Marko the guy who waited many years to geta transplant . Finally chose Rahal. Got some kind of infection lost alot of grafts. And was silinced and vanished from these forums. Where are you Marko?

----------


## amadeus

I doubt there is a single hair transplant surgeon that doesn't have at least one very unhappy patient. Complications can happen to anyone for any reason. Sometimes it might be the surgeon's fault, sometimes it's just bad luck. All hair transplants come with comman risks, like infection, poor growth, poor scaring, tissue death etc. That's just the way that it is. You want to minimize  these risks by choosing a clinic with a good reputation, but you will NEVER eliminate the risks.

I've been on the forum for a long time and Rahal is one of the best, but I have seen a couple of unhappy people pop up here and there out of probably thousands of happy people. Thats just the way that it is. It's partly choosing the right surgeon and partly luck.

----------


## koolx

> I doubt there is a single hair transplant surgeon that doesn't have at least one very unhappy patient. Complications can happen to anyone for any reason. Sometimes it might be the surgeon's fault, sometimes it's just bad luck. All hair transplants come with comman risks, like infection, poor growth, poor scaring, tissue death etc. That's just the way that it is. You want to minimize  these risks by choosing a clinic with a good reputation, but you will NEVER eliminate the risks.
> 
> I've been on the forum for a long time and Rahal is one of the best, but I have seen a couple of unhappy people pop up here and there out of probably thousands of happy people. Thats just the way that it is. It's partly choosing the right surgeon and partly luck.


 yeah, i've been researching for not just a good, but a great HT surgeon. so far, rahal keps coming up on top of my list. but i want to make sure there arent any disatisfied customers. its importnant to see good as well as bad reviews. just trying to make the best decision for myself. 

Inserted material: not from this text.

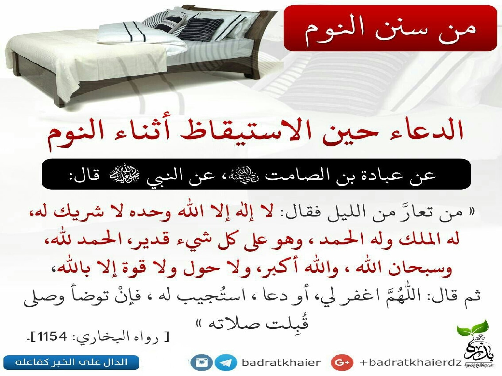 دعاء عند التعار من النوم. لا إله إلا الله وحده لا شريك له له الملك وله الحمد وهو على كل. من الأذكار الم حبب قولها قبل النوم إذا أوى أحد كم إلى فراش ه فليأخذ داخ لة إزار ه فلينف ض بها فراش ه وليسم الله. دعاء التعار هو دعاء ي ذكر عند التعار وهو استيقاظ الإنسان ليل ا فإن المسلم باتباعه أثر النبي صلى الله عليه وسلم في ذلك فسيجني. فإنه لا يعلم ما خل فه بعده على فراش ه.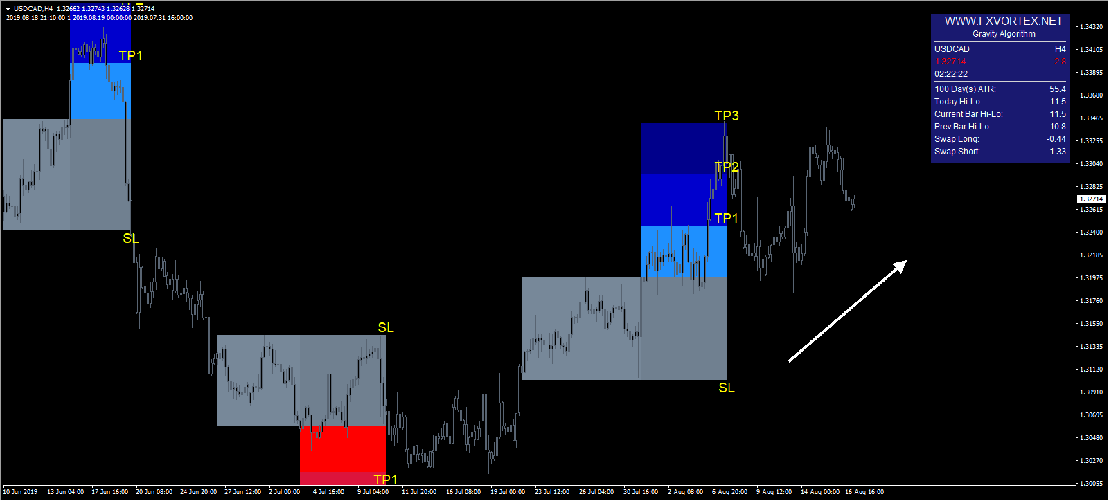FOREX VORTEX外汇交易系统将为交易者显示清晰的信号,并为交易者提供准确的止盈和止损水平!当MT4,电子邮件和实时通知出现新信号时,FOREX VORTEX外汇交易系统还将发送警报,以方便交易者交易。

i'm not bald. but i'm thinning in front. although it looks like i'm thinning, it doesnt look like i'm in need of a HT. do u think that i'd still make a good candidate for a HT?

----------


## greatjob!

> yeah, i've been researching for not just a good, but a great HT surgeon. so far, rahal keps coming up on top of my list. but i want to make sure there arent any disatisfied customers. its importnant to see good as well as bad reviews. just trying to make the best decision for myself. 
> 
> i'm not bald. but i'm thinning in front. although it looks like i'm thinning, it doesnt look like i'm in need of a HT. do u think that i'd still make a good candidate for a HT?


 I had a transplant with Dr. Rahal back in January. I had previously had a procedure with another surgeon who is highly recommended here and on every other board and I was misled and lied to about expectations, it wasn't a good experience and left me in a spot where I needed to shave down but couldn't because of the scar (I don't want to get into who the doctor was, it would just be a waste of my time).

However my experience with doctor Rahal and his clinic was night and day. I can't speak highly enough about him and his staff, they are definitely top notch. I had 3340 grafts placed into my frontal third and I am very pleased with the results. I still need more work to get me to where I will be completely satisfied, but I am a much more educated patient now and I expected as much. The only downside for me is now the areas I didn't have work done to now stick out and bother more and I'm broke so I'm going to have to knock off a bank to pay for round two, lol.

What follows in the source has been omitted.